===== LISTED RECORDS =====

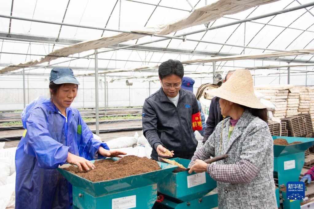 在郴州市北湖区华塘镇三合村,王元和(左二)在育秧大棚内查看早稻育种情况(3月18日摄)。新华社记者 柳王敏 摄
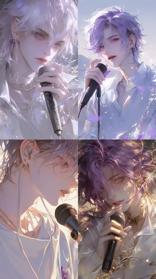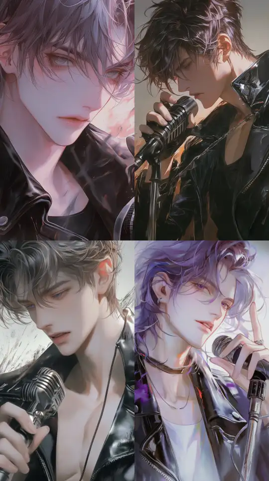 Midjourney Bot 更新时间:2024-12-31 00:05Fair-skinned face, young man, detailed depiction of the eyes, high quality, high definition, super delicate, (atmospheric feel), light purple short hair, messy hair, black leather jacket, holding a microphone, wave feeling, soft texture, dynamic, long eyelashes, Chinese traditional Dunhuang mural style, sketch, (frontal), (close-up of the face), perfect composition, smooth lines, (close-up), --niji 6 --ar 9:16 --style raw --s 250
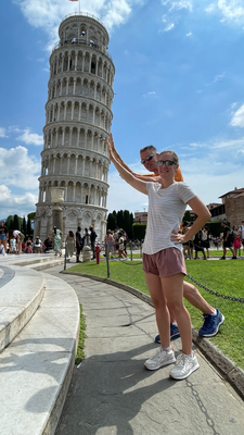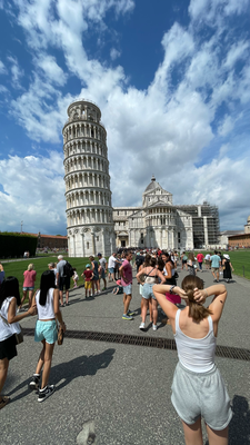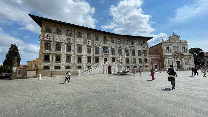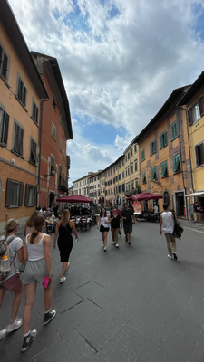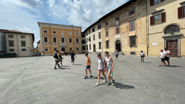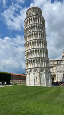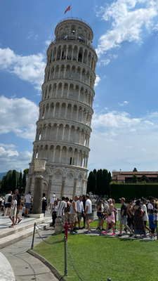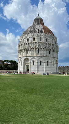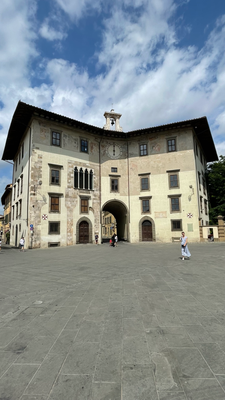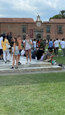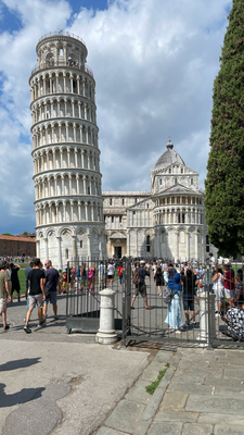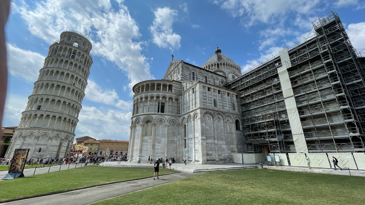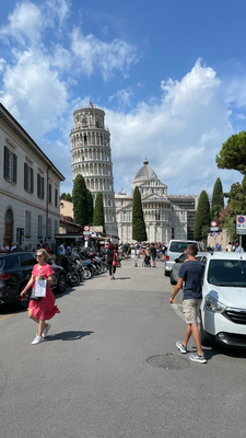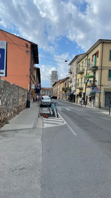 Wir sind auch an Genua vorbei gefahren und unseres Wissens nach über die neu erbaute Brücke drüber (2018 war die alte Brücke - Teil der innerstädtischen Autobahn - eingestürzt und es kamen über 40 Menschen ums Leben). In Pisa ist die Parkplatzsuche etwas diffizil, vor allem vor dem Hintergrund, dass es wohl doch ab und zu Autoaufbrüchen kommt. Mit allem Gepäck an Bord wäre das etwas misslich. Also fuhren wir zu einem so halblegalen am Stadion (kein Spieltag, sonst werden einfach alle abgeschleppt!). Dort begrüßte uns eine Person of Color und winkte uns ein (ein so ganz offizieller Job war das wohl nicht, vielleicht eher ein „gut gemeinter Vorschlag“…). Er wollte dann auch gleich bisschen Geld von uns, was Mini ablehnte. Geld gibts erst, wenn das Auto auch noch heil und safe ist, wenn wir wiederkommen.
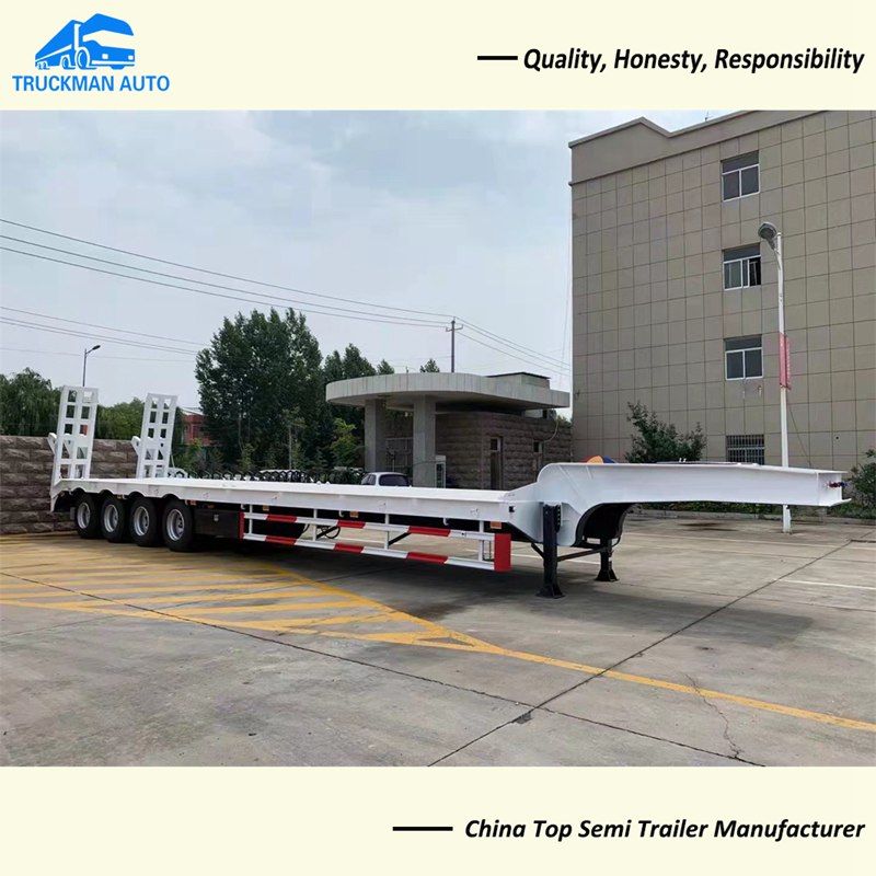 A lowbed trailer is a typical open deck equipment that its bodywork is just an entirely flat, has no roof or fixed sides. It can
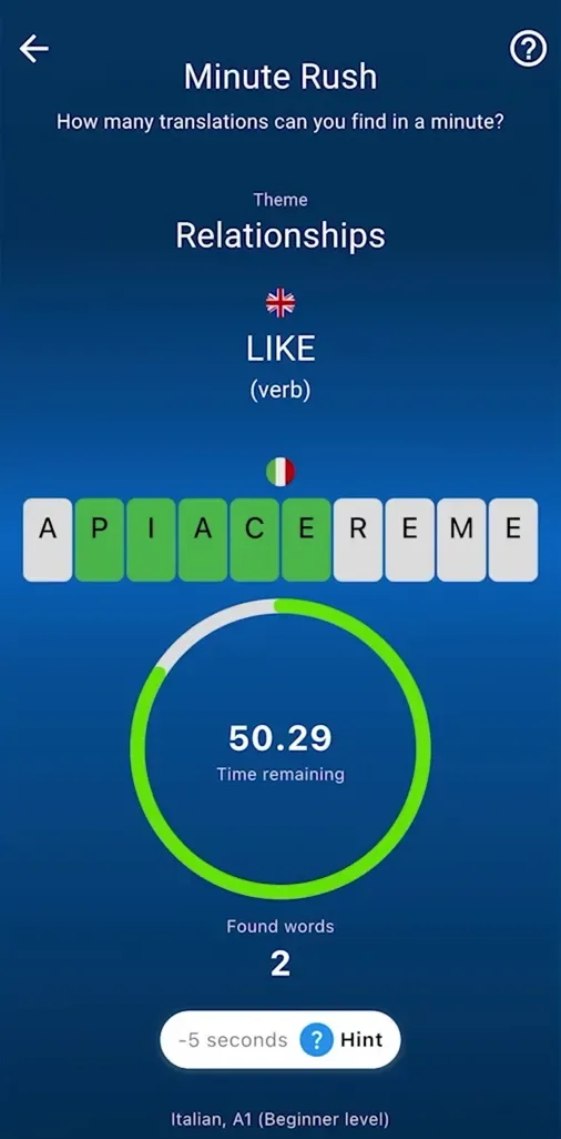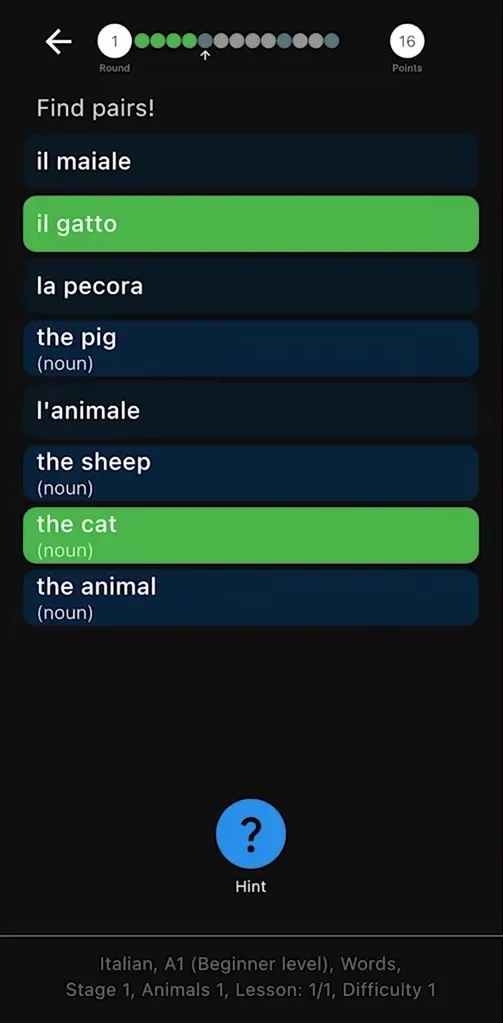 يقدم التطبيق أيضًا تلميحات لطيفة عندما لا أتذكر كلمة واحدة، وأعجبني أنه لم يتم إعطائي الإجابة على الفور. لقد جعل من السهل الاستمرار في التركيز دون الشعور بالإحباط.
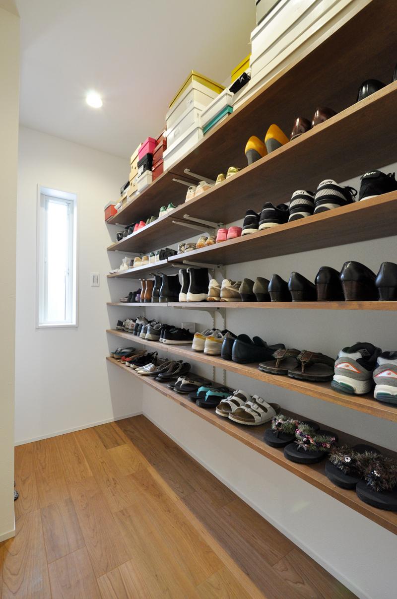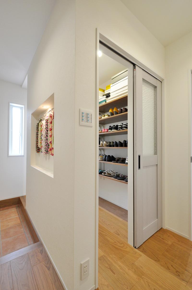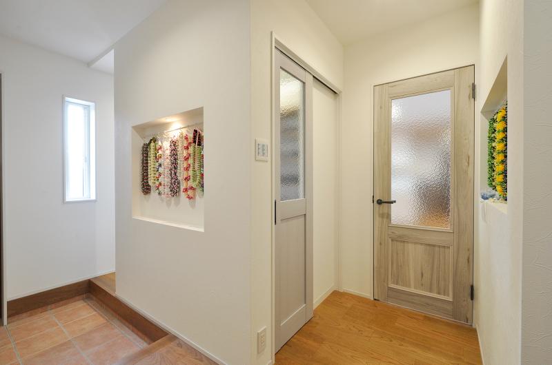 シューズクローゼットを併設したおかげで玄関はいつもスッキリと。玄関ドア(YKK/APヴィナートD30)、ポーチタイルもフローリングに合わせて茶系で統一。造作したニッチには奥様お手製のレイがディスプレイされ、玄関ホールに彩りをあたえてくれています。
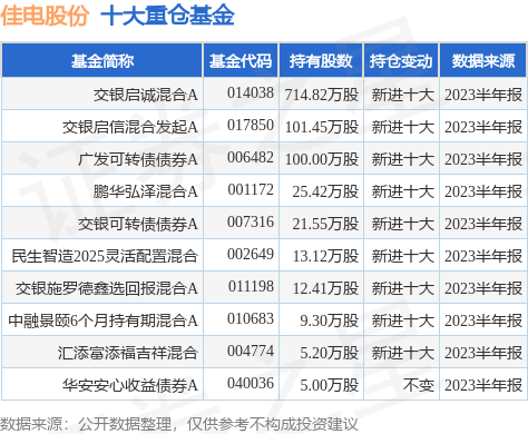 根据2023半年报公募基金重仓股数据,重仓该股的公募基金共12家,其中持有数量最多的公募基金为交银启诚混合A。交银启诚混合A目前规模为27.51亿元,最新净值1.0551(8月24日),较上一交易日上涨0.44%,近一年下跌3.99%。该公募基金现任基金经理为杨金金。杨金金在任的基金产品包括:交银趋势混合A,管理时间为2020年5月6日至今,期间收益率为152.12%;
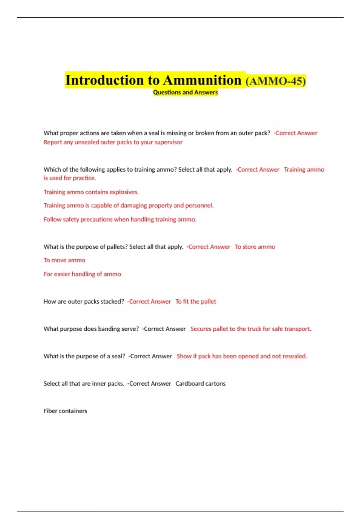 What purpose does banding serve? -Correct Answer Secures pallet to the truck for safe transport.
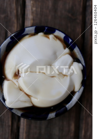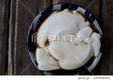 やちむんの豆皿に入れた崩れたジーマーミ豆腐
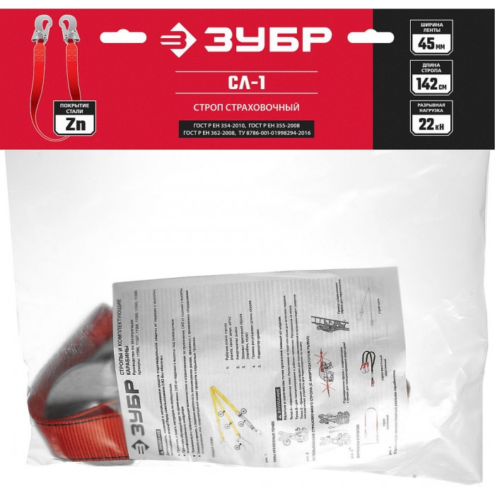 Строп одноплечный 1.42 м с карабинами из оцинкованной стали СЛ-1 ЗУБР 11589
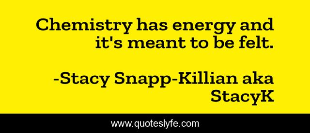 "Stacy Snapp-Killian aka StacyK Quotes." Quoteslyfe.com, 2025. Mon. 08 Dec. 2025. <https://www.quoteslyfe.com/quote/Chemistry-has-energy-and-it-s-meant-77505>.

=====

*WHAT THE TASK ASKS*
From the listing above, restate verbatim the lines running from the one with "シューズクローゼットを併設し" through the one with "やちむんの豆皿に入れた崩れたジーマーミ豆腐", inclusive, but not the pictures.

*RESULT*
 シューズクローゼットを併設したおかげで玄関はいつもスッキリと。玄関ドア(YKK/APヴィナートD30)、ポーチタイルもフローリングに合わせて茶系で統一。造作したニッチには奥様お手製のレイがディスプレイされ、玄関ホールに彩りをあたえてくれています。
 根据2023半年报公募基金重仓股数据,重仓该股的公募基金共12家,其中持有数量最多的公募基金为交银启诚混合A。交银启诚混合A目前规模为27.51亿元,最新净值1.0551(8月24日),较上一交易日上涨0.44%,近一年下跌3.99%。该公募基金现任基金经理为杨金金。杨金金在任的基金产品包括:交银趋势混合A,管理时间为2020年5月6日至今,期间收益率为152.12%;
 What purpose does banding serve? -Correct Answer Secures pallet to the truck for safe transport.
 やちむんの豆皿に入れた崩れたジーマーミ豆腐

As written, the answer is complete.